What the hell makes this girl think she has me pegged so easily? I’ve known her for all of what? Eight hours? I cross my arms. “Enlighten me.”
She turns to face me in her chair. “Well, for one, you keep to yourself. You play your guitar. You come out here to . . . what? Stare at the stars?” She shakes her head. “And you didn’t give me a second glance.” She shrugs. “I knew you were either lovesick or heartbroken. I just didn’t know which.”
I force a laugh. “Maybe you’re just not my type.”
Rolling her eyes, she quips, “I’m everyone’s type.” Giving me a sideways glance, she adds, “If they’re single.” She tilts her head, considering her last words. “And sometimes if they’re not.”
I’m not sure I believe her. Even if I wasn’t with Margot, I don’t think I’d be interested. “Well, you don’t lack confidence.”
“I don’t,” she says with a determined shake of her head. “And neither should you. If you love your girlfriend, you should own it.”
“Jesus.” I rub a hand down my face. “Fine. I—” I trip on the words, my heart hammering in my chest as if I were saying it to Margot herself. Taking a sharp breath, I manage to get out, “I might love her.” The words are out, and a flash of pure panic runs over me, turning my blood to ice. I’ve never told anyone I love Margot out loud. I have a feeling Matt and Rae know—hell, I have a feeling Margot knows. But just having the words leave my lips to this random ass girl, still leaves me feeling like my shields are cracked. Like someone knows my biggest weakness.

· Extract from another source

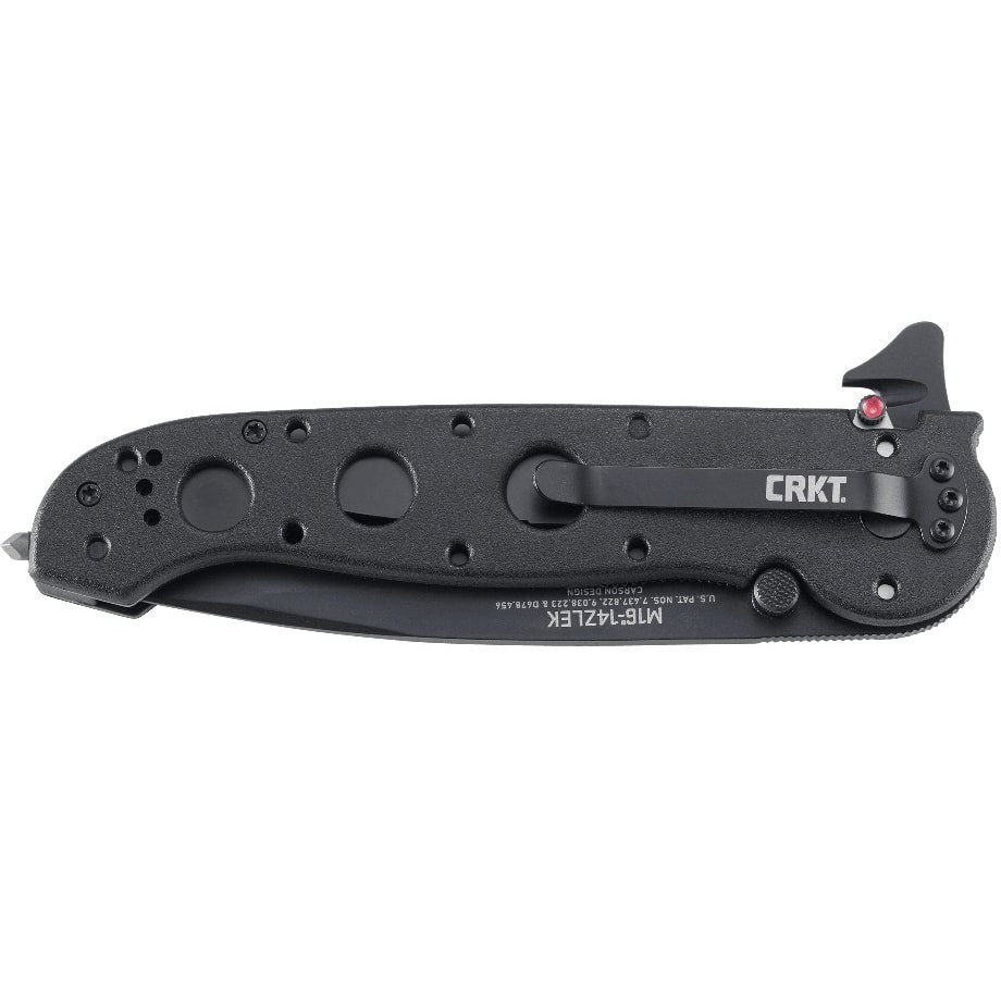 Le manche est fabriqué en plastique très résistant avec des trous circulaires au centre (ce style se retrouve sur pratiquement tous les couteaux de la série M16 de CRKT). À l'extrémité du manche se trouve un brise-vitre, et à l'arrière, un clip de poche en métal. Le couteau est verrouillé en position ouverte par un système LinerLock, qui est également complété par un curseur sur le dos du manche.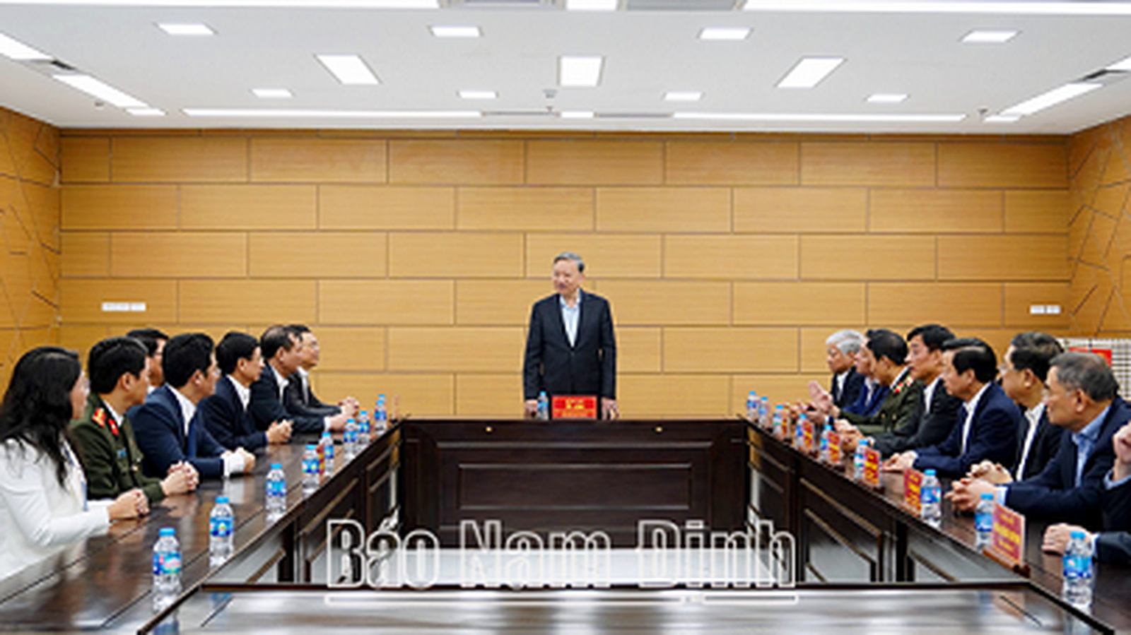 (Thanh tra) - Nhân dịp kỷ niệm 95 năm ngày thành lập Đảng Cộng sản Việt Nam (3/2/1930 - 3/2/2025); đón Tết Nguyên đán Ất Tỵ 2025, ngày 16/1/2025, đồng chí Tô Lâm, Tổng Bí thư Ban Chấp hành Trung ương Đảng cùng đoàn công tác của Trung ương về thăm, làm việc, chúc Tết Đảng bộ, chính quyền, Nhân dân tỉnh Nam Định.

But Margot isn’t a weakness. If anything, she’s a strength.
“Might?” Mya’s voice cuts through my spiraling thoughts.
My hands grip the plastic armrests, and as much as I want to stop my knee from bouncing, it has a mind of its own. Is she serious? My deepest confession wasn’t good enough?
When I don’t say anything, she rolls her eyes. “Words matter. You write lyrics, you should know that.”
I scoff. “I suck at writing lyrics.”
She sighs, leaning her head back against the plastic chair so she can gaze at the night sky. “Maybe you’d be better at it if you were honest about your feelings.”
What game does she think she’s playing? I just offered her something I’ve never told anyone. The anxiety I felt moments ago warms to a simmering annoyance, and I mutter. “I love her.”
“What?” She holds her hand to her ear, leaning a little closer. “I missed that.”
My hands grip the chair tightly enough to turn my knuckles white. “I said,” I say through gritted teeth, making sure to raise my voice. “I love her.”
Mya grins. “Yeah, obviously. Nice to see you finally catch up.” Leaning over, she pats me on the knee. “See, look.” Mya hums happily and she gently sets the joint back in my hands. “Our friendship is already doing wonders for you.”
“Yeah,” I say, unconvinced. I pinch my lips around the joint, sucking in like it will somehow tether me back to solid ground.
“Is there a reason you haven’t told her yet?”
“What? ”
“Well, I’m assuming by the complete freak-out you just had, you haven’t told her yet. So, why?”
The joint still rests at my lips as I let out a breath of laughter. This girl is something else. “I’ve never said that to anyone, and now that I’m here”—I gesture to whatever the hell is around us—“I’d rather tell her in person.”
“That’s fair.”
I cock an eyebrow. “Yeah? You’re not going to give me more shit for that?”
The corner of her mouth lifts, and she tucks a strand of pink hair behind her ear. “I don’t think anyone would give you shit for that.”
I guess she’s right, but I feel like shit for not telling Margot before I left. It’s not like I didn’t know then. I think I was overwhelmed with the band going on tour and spending every waking moment with her.
“I’ll tell her next time I see her,” I finally say with a nod.
Mya punches the air, like she somehow made this happen—and I guess she did. I smile and hand the joint back to her. “To new friendships.”
Taking it from me, she winks. “And to love.”